=== WHAT IS EXPECTED ===
Leaving out all images, return the entries below exactly.

Data items
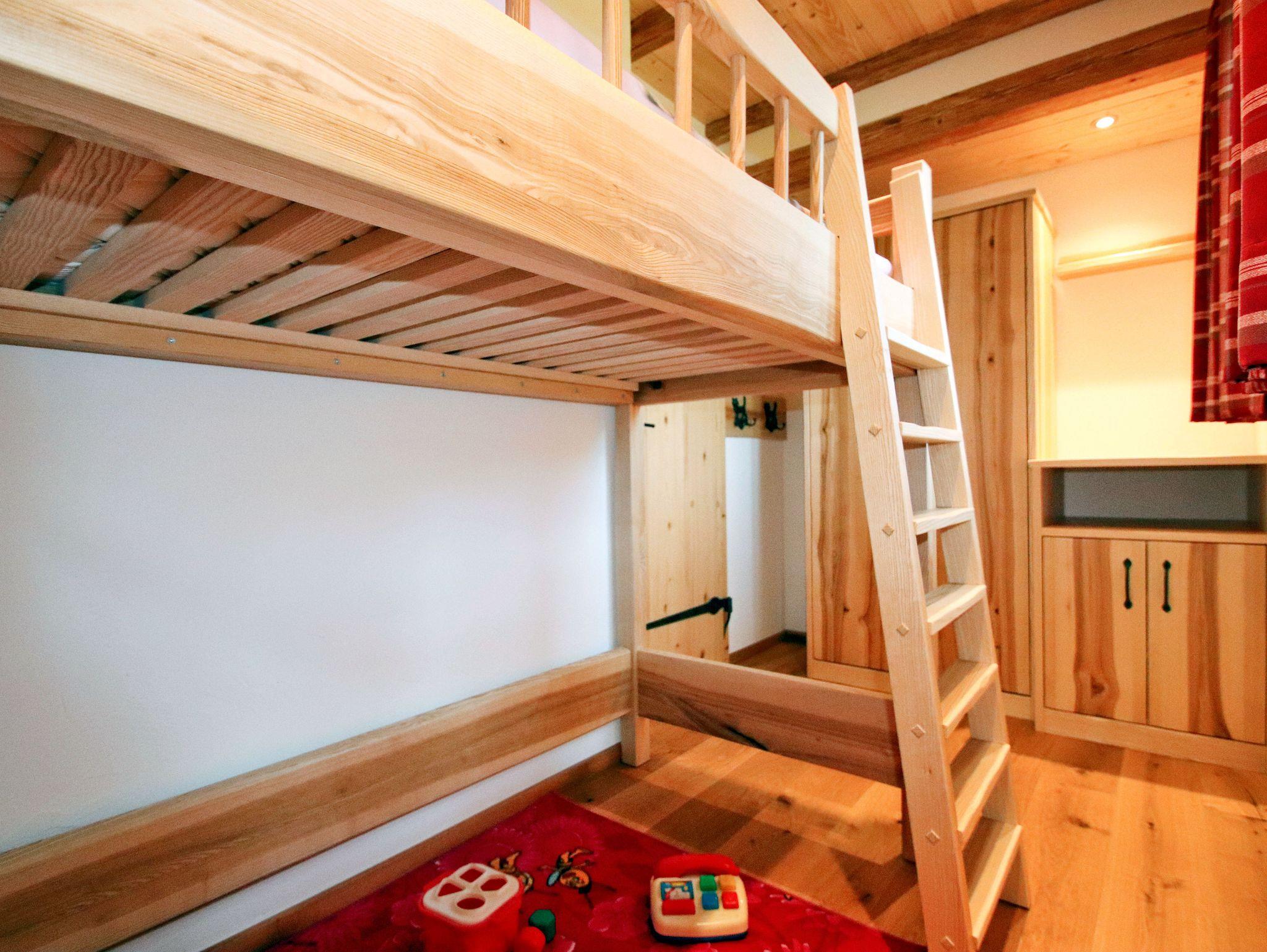 Im Untergeschoß des Chalets befindet sich neben dem Wohn- und Essbereich mit großem Sofa ein Kinderzimmer mit Stockbett (80x190) für eine Person, ein Badezimmer mit ebenerdiger Dusche sowie einem WC. Im Obergeschoß finden Sie das bequeme Hauptschlafzimmer mit Ehebett ohne Fußteil (180x200). Die Wohnung ist mit Fußbodenheizung ausgestattet.
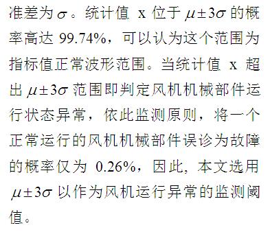 運(yùn)用統(tǒng)計(jì)指標(biāo)對風(fēng)機(jī)運(yùn)行狀態(tài)進(jìn)行監(jiān)測,必須為其正常狀態(tài)下振動(dòng)信號的統(tǒng)計(jì)指標(biāo)值確定一個(gè)變化范圍,當(dāng)統(tǒng)計(jì)值超出這個(gè)范圍時(shí),則判定風(fēng)機(jī)某機(jī)械部件運(yùn)行失常。對于一個(gè)連續(xù)測量,設(shè)備運(yùn)行狀態(tài)相對穩(wěn)定的數(shù)據(jù),可以看作近似服從正態(tài)分布。因此,完全可以認(rèn)為振動(dòng)數(shù)據(jù)的時(shí)域指標(biāo)值X服從正態(tài)分布:
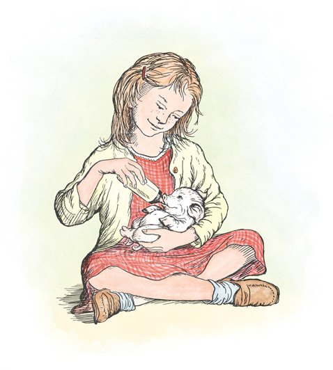 A minute later, Fern was seated on the floor in the corner of the kitchen with her infant between her knees, teaching it to suck from the bottle. The pig, although tiny, had a good appetite and caught on quickly.
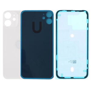 Vitre Arriere Remplacement iPhone 12 Mini Blanc +Autocollant Preinstalle
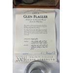An unusual collector's item being an empty 1973 GLEN FLAGLER whisky bottle from 2003- bottle number 318/931 within a wooden presentation box complete with a certificate of authenticity signed by master blender E L Drummond
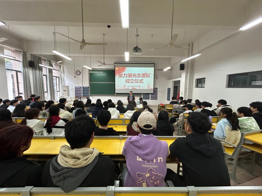 志愿服务工作规范化、品牌化发展,4月2日,力物学院“聚力凝光”志愿队成立仪式在明理北110成功举办。力物学院学生工作负责人、辅导员、学生会和志愿队全体成员共100余人参加了本次仪式。

=== ANSWER TO THE EXERCISE ===
 Im Untergeschoß des Chalets befindet sich neben dem Wohn- und Essbereich mit großem Sofa ein Kinderzimmer mit Stockbett (80x190) für eine Person, ein Badezimmer mit ebenerdiger Dusche sowie einem WC. Im Obergeschoß finden Sie das bequeme Hauptschlafzimmer mit Ehebett ohne Fußteil (180x200). Die Wohnung ist mit Fußbodenheizung ausgestattet.
 運(yùn)用統(tǒng)計(jì)指標(biāo)對風(fēng)機(jī)運(yùn)行狀態(tài)進(jìn)行監(jiān)測,必須為其正常狀態(tài)下振動(dòng)信號的統(tǒng)計(jì)指標(biāo)值確定一個(gè)變化范圍,當(dāng)統(tǒng)計(jì)值超出這個(gè)范圍時(shí),則判定風(fēng)機(jī)某機(jī)械部件運(yùn)行失常。對于一個(gè)連續(xù)測量,設(shè)備運(yùn)行狀態(tài)相對穩(wěn)定的數(shù)據(jù),可以看作近似服從正態(tài)分布。因此,完全可以認(rèn)為振動(dòng)數(shù)據(jù)的時(shí)域指標(biāo)值X服從正態(tài)分布:
 A minute later, Fern was seated on the floor in the corner of the kitchen with her infant between her knees, teaching it to suck from the bottle. The pig, although tiny, had a good appetite and caught on quickly.
 Vitre Arriere Remplacement iPhone 12 Mini Blanc +Autocollant Preinstalle
An unusual collector's item being an empty 1973 GLEN FLAGLER whisky bottle from 2003- bottle number 318/931 within a wooden presentation box complete with a certificate of authenticity signed by master blender E L Drummond
 志愿服务工作规范化、品牌化发展,4月2日,力物学院“聚力凝光”志愿队成立仪式在明理北110成功举办。力物学院学生工作负责人、辅导员、学生会和志愿队全体成员共100余人参加了本次仪式。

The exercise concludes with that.